Overcoming the broader challenges

Though an allogeneic approach is able to navigate some of the hurdles that exist around cell therapies, there remain difficulties for those companies working in the area. One area that Kobel highlighted was the issue over supply and demand for cells. For those companies that are unable to manufacture their own supply of cells, they may have to wait as much as one year to have the batch of cells required to run clinical studies. Another issue that exists within allogeneic cell therapy development is the donor variability.

Kobel told pharmaphorum that TC Biopharm does not have an issue with supply of cells, as it set up its own UK Medicines and Healthcare products Regulatory Agency (MHRA) licensed clinical manufacturing facility, located near Glasgow, UK, to remain ‘vertically integrated’. Further, when attempting to address variability issues, the company is focusing on automating the production process, and working on donor selection with ‘various assays and data points’, as part of a long-term solution.

“We are able to work with living organisms every day and we are constantly learning more about how to make our cells more effective for oncology indications.

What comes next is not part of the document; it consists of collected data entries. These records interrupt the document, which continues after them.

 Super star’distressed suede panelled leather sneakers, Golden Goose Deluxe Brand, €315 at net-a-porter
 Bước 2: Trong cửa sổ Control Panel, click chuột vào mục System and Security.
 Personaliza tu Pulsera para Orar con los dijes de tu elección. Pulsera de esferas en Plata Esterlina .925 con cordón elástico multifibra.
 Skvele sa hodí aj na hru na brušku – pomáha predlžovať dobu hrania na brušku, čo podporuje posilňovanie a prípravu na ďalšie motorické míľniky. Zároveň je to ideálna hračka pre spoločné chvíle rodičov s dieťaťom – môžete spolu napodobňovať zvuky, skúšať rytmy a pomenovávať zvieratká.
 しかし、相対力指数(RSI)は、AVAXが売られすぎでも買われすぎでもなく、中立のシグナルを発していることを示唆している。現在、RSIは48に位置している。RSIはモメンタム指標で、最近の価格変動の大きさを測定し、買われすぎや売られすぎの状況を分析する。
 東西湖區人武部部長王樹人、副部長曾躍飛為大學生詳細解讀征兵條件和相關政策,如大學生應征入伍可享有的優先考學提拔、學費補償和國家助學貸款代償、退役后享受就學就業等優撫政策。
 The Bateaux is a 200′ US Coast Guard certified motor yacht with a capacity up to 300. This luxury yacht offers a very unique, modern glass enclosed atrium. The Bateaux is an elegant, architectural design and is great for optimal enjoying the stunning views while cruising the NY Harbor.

There are countless hurdles in cell therapy, many still to come, given how young the industry is comparatively,” Kobel explained.

Reaching the endgame

With an estimated 147 cell and gene therapies in late-stage trials, including Orca Bio’s allogeneic cell therapy and Allogene Therapeutic’s allogeneic CAR-T therapy, the industry might not have long to wait until the first such treatment is a commercial reality. For its part, TC Biopharm’s OmnImmune (TCB-008) is the company’s most advanced asset and has completed an initial five patient safety cohort in a phase 2b trial in acute myeloid leukaemia.

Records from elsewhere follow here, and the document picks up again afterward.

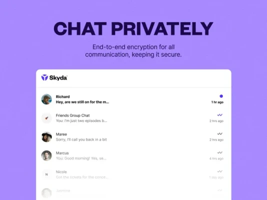 - Send text and voice messages, share photos, videos, and files for free. Skyda works over your internet, saving you from SMS and MMS charges.- Call your friends and family with high-quality, encrypted voice and video calls.- Keep in touch with loved ones through group chats.- Engage in secret chats for sharing images, texts, audios, and videos. These chats hide your username for absolute confidentiality.- Send and receive data securely using integrated private VPN feature powered by OpenVPN.- Your privacy is our priority in Skyda. We utilize the open-source Signal Protocol, making it impossible for us or anyone else to access your messages or call details.- Our commitment is clear: no back doors and no data collection.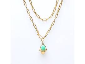Necklace details: a 14ky gold-dipped, 1.5mm hammered link necklace features a natural chrysoprase cabochon pendant with a secret screw-off compartment and double-sided snake clasp; total length is 33 inches, looks great worn long or doubled.
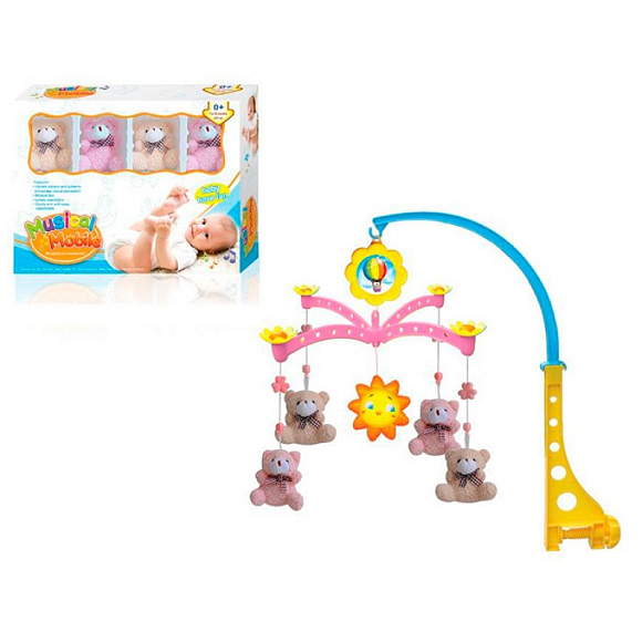 Опис Карусель на кроватку XQT712 заводна, підвіски 5 шт. (4 шт.-м'які, ведмедик), муз., кор., 32,5-25-7см

“We anticipate filing an investigational new drug (IND) application to start the FDA clinical trial process in the second half of 2023, with additional potential IND submittals for collaborative trials in combination with OmnImmune or TCB-008,” Kobel outlined. Beyond working on its lead candidate, he stated that the company has a ‘number of ongoing research collaborations’ that may reach clinical stages in Europe and the US in late 2023 or early 2024. Kobel concluded that he sees allogeneic therapies as the “the future of cancer and infectious disease treatment.” With many such treatments heading towards pivotal trials, the future may arrive soon.